Thus far, we have examined the way in which Kierkegaard upheld the primacy of the individual in the face of the system, which culminates in the passionate embrace of a paradoxical God. In other works, Kierkegaard emphasized the psychological conditions leading up to the leap of faith. Perhaps his most famous analysis was of the state of angst (dread or anxiety). Certainly it was influential on a number of "existential" philosophers in the twentieth century, most notably Jean Paul Sartre.
Although his analysis was psychological, Kierkegaard framed it in the context of a theological question about the possibility of original sin. How could Adam have become guilty when he did not know the meaning of good or evil? How could Adam's sin afflict the entire human race? Ultimately there is no rational explanation, but a psychological investigation of angst can lead us up to the point where the leap into guilt is made.
Kierkegaard's approach can be described as "phenomenological" (cf. Hegel's use of the term). He described how the condition makes its appearance. Perhaps the best example is in the behavior of children who are simultaneously drawn toward and repelled by what is strange or mysterious to them. The attitude is a "sympathetic antipathy" or "antipathetic sympathy." A wealth of possibility is opened up, so much so that one has no idea what the future will bring. In this way, angst is distinguished from fear, which is merely an antipathy and moreover directed toward something specific. Putting the matter paradoxically, Kierkegaard declared that angst has nothing as its object.
It is the indeterminateness of the object of angst which is supposed to bring us closer to an understanding of a loss of innocence. Although Adam did not know the meaning of good and evil, or of the significance of the penalty of death threatened by God, he was attracted to the condemned object by virtue of the possibility wrapped up in it. He finally committed the offense, which was a leap into guilt. Like the leap of faith, this leap cannot be comprehended rationally or psychologically, but is the subject of religious "dogmatics."
Kierkegaard went on to argue that angst is a condition for the salvation of every subsequent individual. Salvation takes place only through faith, and faith is attained through the renunciation of the finite. It is angst which opens up to us infinite possibility. It would seem that the progression from angst through faith would lead to an "other-worldly" orientation, a loss of the finite world. But here, astonishingly, Kierkegaard pronounced that "through faith, one gets everything back." Here there is more than a faint echo of his longing to regain the woman he once renounced.

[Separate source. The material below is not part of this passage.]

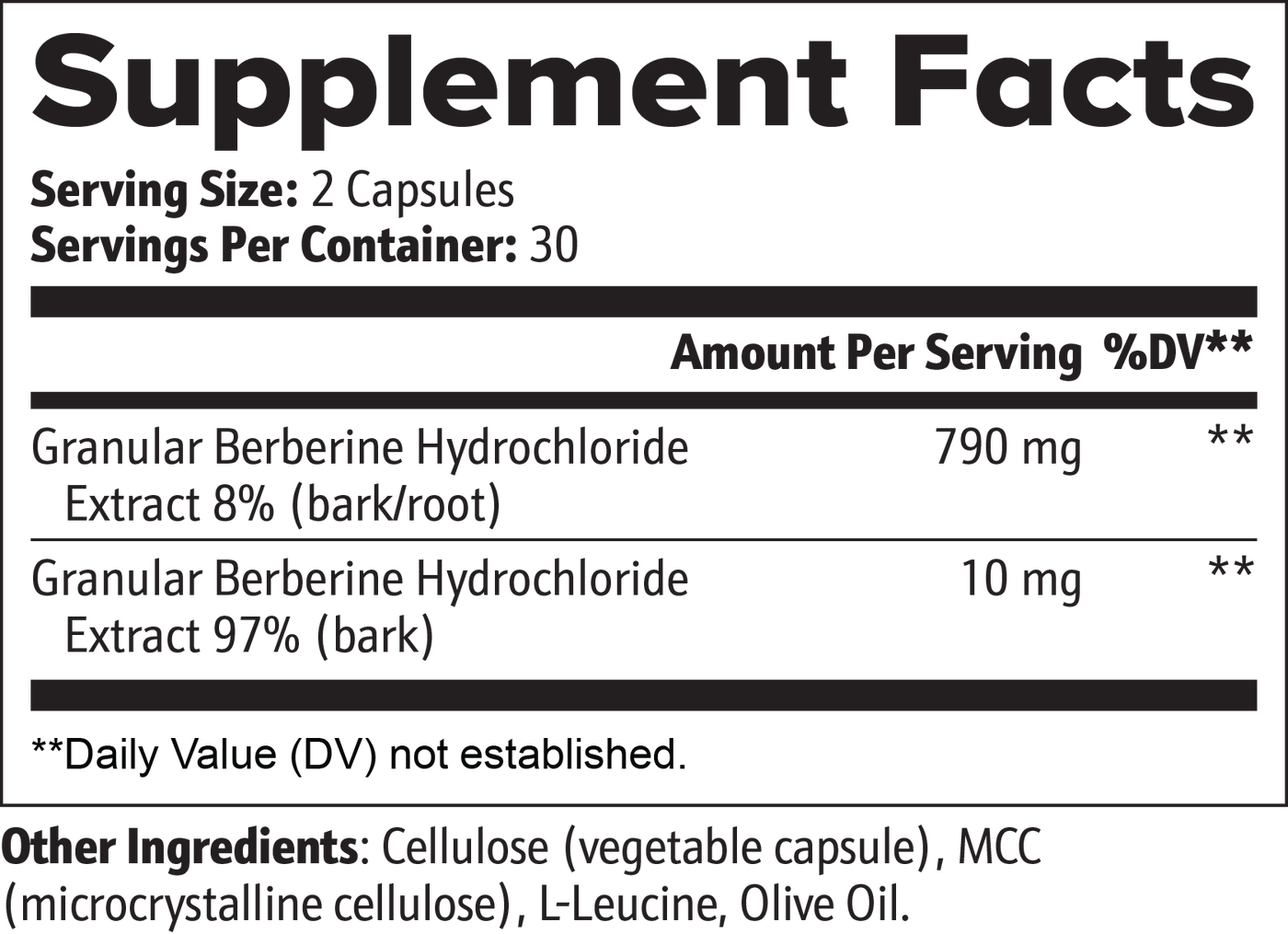 Ingredients: Granular Berberine Hydrochloride Extract 97% (bark), Granular Berberine Hydrochloride Extract 8% (bark/root), Cellulose (vegetable capsule), MCC (microcrystalline cellulose), L-Leucine, Olive Oil.

The theme of regaining the finite through its very renunciation is prominent in one of Kierkegaard's most famous pieces, Fear and Trembling. There is a story of a knight who is beneath the station of a princess whom he can never approach. His response is infinite resignation. The knight of faith, on the other hand, concentrates his power of love for the princess on God. Through faith, he is able to believe the absurd proposition that he can be united with the princess. "By faith I make renunciation of nothing; on the contrary, by faith I acquire everything, precisely in the sense in which it is said that he who has faith like a grain of mustard can move mountains." Like the God-human, the knight of faith is otherwise an ordinary person, indistinguishable from anyone else.
One of the major themes in Kierkegaard's writing was the the validity of ethical norms, particularly as reflected in the institution of marriage. We have already seen that the ethical constitutes a break or leap from another way of living, one of innocence. Ethical values attain significance for an individual only through a choice to embrace them. (In the case of Adam, this is embodied in his eating the fruit of the tree of knowledge of good and evil.)
In his early book Either/Or, Kierkegaard contrasted the ethical life with the amoral "aesthetic" life. Here we find his famous description of the "rotation method," which uses sheer arbitrariness for the alleviation of boredom, the fatal enemy of the aesthetic. Here as well is the "diary of the Seducer," in which the end of enjoyment is taken to horrible extremes. The seducer wins the heart of a young woman, inducing here to pursue him. When his seduction succeeds, he abandons her at once, having reached the highest point of pleasure. All that would have remained would be the tedium of marriage. In the second part of the book, Kierkegaard's character Judge Willhelm spins out lengthy sermons about the virtues of the mundane ethical life of faithful wedlock.
But the ethical life is superseded by the calling of religion (or at least so Kierkegaard tried to convince himself in the process of giving up Regina). Ethical laws are universal, subject to no exception. Yet faith could call upon the individual to violate them if it were the will of God. Such is the story of Abraham, who was willing to act against a most basic human moral norm, the protection of one's own offspring, because God asked him to kill his son. This "teleological suspension of the ethical" once again is incomprehensible, but such is the nature of faith.